* What needs to be done
Give the data again exactly as written, without any of its pictures.

* Given data
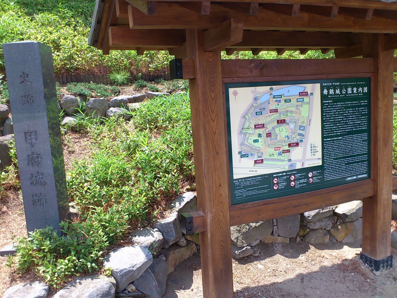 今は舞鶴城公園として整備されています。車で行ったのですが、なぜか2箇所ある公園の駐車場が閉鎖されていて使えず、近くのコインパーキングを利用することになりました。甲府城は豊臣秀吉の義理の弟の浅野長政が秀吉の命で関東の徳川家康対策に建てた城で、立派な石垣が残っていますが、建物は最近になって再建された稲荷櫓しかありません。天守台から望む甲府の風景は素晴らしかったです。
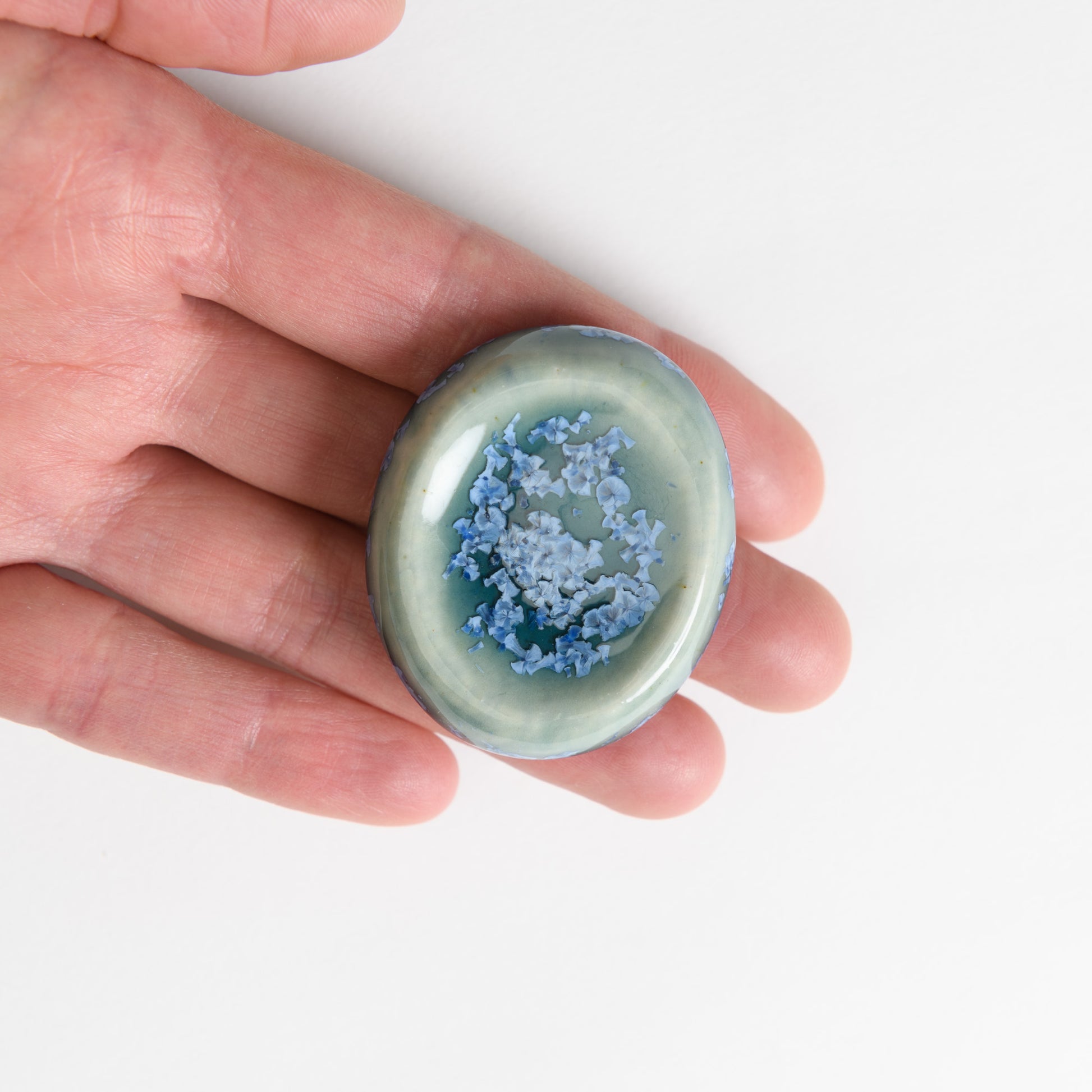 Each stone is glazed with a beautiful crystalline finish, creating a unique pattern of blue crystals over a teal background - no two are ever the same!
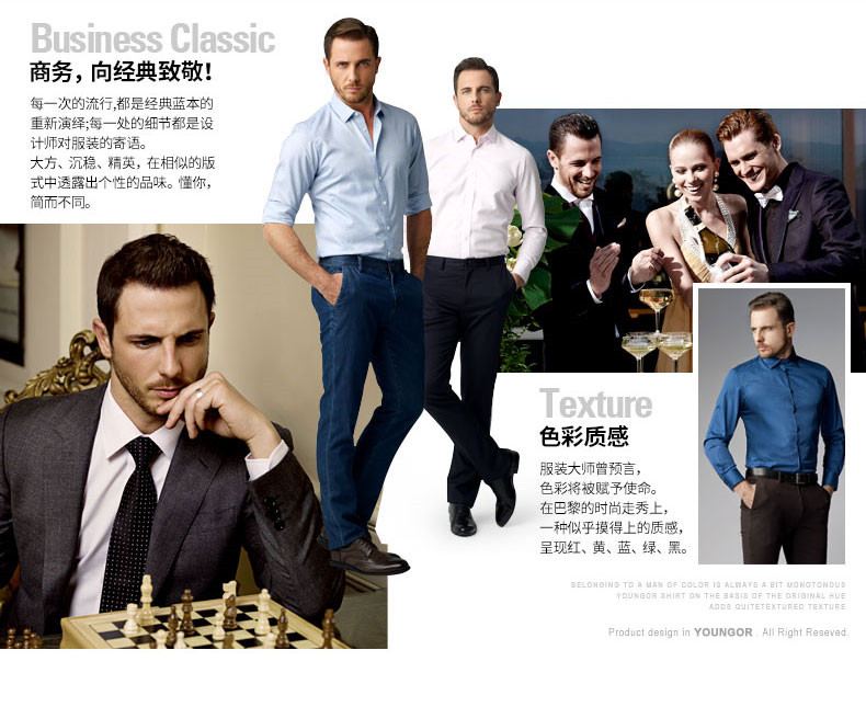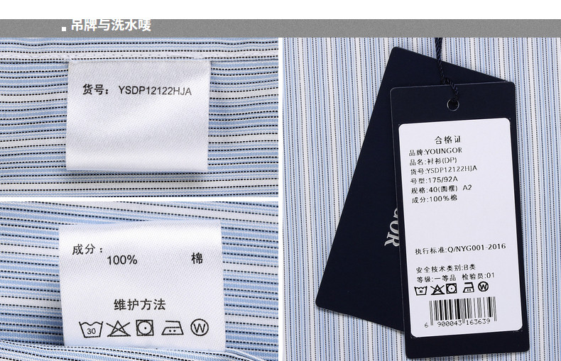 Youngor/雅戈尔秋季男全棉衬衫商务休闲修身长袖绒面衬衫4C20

* Expected answer
 今は舞鶴城公園として整備されています。車で行ったのですが、なぜか2箇所ある公園の駐車場が閉鎖されていて使えず、近くのコインパーキングを利用することになりました。甲府城は豊臣秀吉の義理の弟の浅野長政が秀吉の命で関東の徳川家康対策に建てた城で、立派な石垣が残っていますが、建物は最近になって再建された稲荷櫓しかありません。天守台から望む甲府の風景は素晴らしかったです。
 Each stone is glazed with a beautiful crystalline finish, creating a unique pattern of blue crystals over a teal background - no two are ever the same!
 Youngor/雅戈尔秋季男全棉衬衫商务休闲修身长袖绒面衬衫4C20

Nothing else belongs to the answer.